* _Data excerpts_:
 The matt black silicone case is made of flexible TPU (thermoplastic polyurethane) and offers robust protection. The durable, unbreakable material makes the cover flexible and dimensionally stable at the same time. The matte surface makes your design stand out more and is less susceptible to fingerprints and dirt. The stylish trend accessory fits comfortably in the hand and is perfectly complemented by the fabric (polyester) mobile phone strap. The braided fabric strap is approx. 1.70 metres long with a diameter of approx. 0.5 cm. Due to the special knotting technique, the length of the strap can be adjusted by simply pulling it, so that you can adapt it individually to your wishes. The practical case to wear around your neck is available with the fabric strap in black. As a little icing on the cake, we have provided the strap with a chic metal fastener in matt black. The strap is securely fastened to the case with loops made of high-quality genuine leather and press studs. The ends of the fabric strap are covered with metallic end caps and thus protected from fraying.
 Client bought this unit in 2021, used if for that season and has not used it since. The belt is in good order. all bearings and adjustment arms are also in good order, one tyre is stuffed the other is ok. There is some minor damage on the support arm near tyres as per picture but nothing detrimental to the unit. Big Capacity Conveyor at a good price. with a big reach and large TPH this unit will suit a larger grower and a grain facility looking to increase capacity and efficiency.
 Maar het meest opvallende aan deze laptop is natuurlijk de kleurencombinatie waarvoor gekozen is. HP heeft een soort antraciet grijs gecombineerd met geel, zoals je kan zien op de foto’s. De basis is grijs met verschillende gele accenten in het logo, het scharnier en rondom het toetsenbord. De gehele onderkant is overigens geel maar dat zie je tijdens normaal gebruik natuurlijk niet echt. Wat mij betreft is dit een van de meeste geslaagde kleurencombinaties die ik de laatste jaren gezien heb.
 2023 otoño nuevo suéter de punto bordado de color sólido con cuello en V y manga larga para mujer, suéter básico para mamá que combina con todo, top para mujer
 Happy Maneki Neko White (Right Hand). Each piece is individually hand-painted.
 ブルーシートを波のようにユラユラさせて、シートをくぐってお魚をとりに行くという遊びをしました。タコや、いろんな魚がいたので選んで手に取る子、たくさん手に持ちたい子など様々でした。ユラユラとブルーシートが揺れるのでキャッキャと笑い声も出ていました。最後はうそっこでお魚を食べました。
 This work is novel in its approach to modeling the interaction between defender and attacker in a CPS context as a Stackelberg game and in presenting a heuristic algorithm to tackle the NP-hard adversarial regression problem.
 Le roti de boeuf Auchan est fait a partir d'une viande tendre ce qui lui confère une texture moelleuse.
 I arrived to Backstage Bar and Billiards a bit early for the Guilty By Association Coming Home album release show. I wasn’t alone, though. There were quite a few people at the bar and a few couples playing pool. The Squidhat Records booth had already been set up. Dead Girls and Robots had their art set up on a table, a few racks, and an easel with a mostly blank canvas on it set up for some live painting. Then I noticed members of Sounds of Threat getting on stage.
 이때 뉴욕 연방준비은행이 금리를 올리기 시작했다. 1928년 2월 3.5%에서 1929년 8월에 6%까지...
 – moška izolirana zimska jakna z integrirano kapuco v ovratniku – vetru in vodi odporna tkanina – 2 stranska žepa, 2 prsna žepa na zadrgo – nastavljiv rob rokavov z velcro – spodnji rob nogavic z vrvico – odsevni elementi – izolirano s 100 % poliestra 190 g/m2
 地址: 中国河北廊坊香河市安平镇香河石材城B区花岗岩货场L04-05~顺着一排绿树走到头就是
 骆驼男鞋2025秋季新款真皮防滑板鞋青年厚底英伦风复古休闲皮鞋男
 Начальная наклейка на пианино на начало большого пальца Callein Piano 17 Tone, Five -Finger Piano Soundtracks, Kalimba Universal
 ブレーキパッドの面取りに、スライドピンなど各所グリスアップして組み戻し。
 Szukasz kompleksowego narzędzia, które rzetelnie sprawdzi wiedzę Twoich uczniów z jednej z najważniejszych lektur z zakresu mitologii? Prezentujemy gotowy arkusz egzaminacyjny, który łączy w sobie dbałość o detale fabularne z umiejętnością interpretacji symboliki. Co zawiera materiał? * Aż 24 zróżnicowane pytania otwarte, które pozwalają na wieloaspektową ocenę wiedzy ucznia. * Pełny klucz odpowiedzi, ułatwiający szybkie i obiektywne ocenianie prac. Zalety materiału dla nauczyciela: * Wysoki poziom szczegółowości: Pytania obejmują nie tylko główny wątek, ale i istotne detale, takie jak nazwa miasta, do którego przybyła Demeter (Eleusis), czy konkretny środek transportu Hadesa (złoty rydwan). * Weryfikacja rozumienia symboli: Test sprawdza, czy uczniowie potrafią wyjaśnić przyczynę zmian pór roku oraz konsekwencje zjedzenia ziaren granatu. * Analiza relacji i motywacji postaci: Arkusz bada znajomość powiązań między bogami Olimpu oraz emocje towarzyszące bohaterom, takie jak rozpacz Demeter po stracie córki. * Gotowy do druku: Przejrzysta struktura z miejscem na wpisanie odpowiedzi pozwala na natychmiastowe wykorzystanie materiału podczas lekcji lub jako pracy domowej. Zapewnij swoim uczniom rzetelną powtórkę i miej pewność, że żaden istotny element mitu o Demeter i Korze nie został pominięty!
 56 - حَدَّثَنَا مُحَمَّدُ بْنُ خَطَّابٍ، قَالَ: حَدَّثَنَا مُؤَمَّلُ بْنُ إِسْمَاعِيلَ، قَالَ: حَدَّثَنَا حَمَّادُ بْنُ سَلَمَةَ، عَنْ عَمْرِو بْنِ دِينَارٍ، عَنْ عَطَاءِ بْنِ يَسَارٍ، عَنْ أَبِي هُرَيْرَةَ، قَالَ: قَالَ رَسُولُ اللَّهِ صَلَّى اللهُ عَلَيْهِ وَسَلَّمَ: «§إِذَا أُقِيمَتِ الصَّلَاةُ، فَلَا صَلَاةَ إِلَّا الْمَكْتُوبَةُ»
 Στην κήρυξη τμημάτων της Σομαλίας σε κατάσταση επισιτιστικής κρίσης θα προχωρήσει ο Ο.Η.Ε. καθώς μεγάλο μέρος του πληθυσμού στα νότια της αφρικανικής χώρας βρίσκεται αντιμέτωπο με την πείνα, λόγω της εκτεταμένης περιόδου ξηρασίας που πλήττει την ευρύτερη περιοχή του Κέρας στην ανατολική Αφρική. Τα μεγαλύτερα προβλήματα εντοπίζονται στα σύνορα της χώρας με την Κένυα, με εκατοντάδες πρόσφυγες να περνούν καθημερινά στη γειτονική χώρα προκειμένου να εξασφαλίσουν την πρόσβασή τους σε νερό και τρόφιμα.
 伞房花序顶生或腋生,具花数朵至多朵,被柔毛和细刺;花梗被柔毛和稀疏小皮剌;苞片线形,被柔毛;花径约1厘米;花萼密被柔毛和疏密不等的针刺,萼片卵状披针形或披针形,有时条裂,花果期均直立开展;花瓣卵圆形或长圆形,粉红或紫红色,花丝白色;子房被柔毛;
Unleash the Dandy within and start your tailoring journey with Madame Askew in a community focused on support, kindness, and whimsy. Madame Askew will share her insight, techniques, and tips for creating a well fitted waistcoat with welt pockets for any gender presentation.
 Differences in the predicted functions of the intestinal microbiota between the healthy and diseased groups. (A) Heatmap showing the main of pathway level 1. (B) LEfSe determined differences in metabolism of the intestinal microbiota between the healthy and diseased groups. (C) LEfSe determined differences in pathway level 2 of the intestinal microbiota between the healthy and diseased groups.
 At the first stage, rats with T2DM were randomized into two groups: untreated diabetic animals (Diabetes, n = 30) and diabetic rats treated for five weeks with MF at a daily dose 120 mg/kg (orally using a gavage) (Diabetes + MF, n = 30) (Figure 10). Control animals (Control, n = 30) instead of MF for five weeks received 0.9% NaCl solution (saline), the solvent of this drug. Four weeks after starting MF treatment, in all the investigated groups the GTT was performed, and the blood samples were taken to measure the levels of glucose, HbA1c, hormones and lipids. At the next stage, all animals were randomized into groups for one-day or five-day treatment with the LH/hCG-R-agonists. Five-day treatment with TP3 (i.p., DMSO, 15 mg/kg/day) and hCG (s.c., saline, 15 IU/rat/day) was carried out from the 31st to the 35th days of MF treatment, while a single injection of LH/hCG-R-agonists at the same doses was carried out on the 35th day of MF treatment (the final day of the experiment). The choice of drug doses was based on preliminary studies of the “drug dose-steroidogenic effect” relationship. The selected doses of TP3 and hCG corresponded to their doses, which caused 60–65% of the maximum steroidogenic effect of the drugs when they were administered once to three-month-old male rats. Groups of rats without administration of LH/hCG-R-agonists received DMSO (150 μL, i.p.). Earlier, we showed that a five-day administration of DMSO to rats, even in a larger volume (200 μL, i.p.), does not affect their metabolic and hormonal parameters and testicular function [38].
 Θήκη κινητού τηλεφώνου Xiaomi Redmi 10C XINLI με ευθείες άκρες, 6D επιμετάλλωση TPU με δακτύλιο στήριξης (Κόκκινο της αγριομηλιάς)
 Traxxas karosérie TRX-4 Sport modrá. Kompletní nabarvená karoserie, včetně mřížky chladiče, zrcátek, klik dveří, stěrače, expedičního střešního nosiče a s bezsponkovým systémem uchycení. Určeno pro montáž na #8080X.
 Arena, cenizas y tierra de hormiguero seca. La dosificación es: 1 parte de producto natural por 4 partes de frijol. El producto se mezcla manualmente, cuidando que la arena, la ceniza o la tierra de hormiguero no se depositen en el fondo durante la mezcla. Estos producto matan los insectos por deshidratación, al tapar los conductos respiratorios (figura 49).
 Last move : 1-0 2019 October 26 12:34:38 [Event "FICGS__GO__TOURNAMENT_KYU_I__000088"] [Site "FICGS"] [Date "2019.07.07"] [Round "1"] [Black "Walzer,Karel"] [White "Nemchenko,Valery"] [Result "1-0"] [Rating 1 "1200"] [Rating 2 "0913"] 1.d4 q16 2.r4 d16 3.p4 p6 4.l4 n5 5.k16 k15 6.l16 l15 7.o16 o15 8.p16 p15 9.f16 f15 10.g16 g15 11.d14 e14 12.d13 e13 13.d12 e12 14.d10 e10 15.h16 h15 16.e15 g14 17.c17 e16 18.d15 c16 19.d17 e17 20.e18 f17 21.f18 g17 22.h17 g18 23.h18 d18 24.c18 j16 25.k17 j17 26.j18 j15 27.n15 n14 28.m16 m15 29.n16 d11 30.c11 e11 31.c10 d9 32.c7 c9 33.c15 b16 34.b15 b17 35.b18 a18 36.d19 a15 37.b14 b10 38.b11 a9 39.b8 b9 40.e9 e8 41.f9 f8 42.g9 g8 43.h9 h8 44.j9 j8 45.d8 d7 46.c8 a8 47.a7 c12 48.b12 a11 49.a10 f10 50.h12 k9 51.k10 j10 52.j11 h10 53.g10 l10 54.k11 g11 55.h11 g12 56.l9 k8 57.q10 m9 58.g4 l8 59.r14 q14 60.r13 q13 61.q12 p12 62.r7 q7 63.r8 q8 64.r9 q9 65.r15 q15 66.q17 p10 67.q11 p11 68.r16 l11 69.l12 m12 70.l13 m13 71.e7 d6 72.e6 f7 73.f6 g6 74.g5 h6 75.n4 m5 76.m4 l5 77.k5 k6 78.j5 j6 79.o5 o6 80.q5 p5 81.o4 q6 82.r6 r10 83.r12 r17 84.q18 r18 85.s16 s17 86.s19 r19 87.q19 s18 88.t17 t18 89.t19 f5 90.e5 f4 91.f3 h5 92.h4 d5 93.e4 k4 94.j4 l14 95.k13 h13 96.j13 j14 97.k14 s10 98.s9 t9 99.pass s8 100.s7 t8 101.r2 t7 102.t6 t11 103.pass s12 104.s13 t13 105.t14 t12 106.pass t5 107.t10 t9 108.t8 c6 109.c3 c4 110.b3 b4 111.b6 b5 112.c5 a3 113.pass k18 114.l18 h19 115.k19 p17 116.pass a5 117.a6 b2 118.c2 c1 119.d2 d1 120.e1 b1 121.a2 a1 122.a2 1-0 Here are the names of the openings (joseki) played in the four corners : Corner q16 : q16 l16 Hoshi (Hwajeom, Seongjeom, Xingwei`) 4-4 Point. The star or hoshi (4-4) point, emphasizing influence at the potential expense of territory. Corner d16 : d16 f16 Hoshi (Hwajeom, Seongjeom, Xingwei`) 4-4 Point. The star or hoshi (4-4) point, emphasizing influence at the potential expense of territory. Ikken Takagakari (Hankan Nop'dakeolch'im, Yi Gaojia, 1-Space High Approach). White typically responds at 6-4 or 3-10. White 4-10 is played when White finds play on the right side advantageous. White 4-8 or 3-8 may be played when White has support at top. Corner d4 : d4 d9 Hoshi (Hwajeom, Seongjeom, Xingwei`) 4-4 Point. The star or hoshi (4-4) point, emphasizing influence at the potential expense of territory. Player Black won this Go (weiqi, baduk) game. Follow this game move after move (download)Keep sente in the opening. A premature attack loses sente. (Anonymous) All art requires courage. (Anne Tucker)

* _Problem description_:
All lines with the word "some" must be located in the data and copied.

* _Your response_:
 Client bought this unit in 2021, used if for that season and has not used it since. The belt is in good order. all bearings and adjustment arms are also in good order, one tyre is stuffed the other is ok. There is some minor damage on the support arm near tyres as per picture but nothing detrimental to the unit. Big Capacity Conveyor at a good price. with a big reach and large TPH this unit will suit a larger grower and a grain facility looking to increase capacity and efficiency.
 I arrived to Backstage Bar and Billiards a bit early for the Guilty By Association Coming Home album release show. I wasn’t alone, though. There were quite a few people at the bar and a few couples playing pool. The Squidhat Records booth had already been set up. Dead Girls and Robots had their art set up on a table, a few racks, and an easel with a mostly blank canvas on it set up for some live painting. Then I noticed members of Sounds of Threat getting on stage.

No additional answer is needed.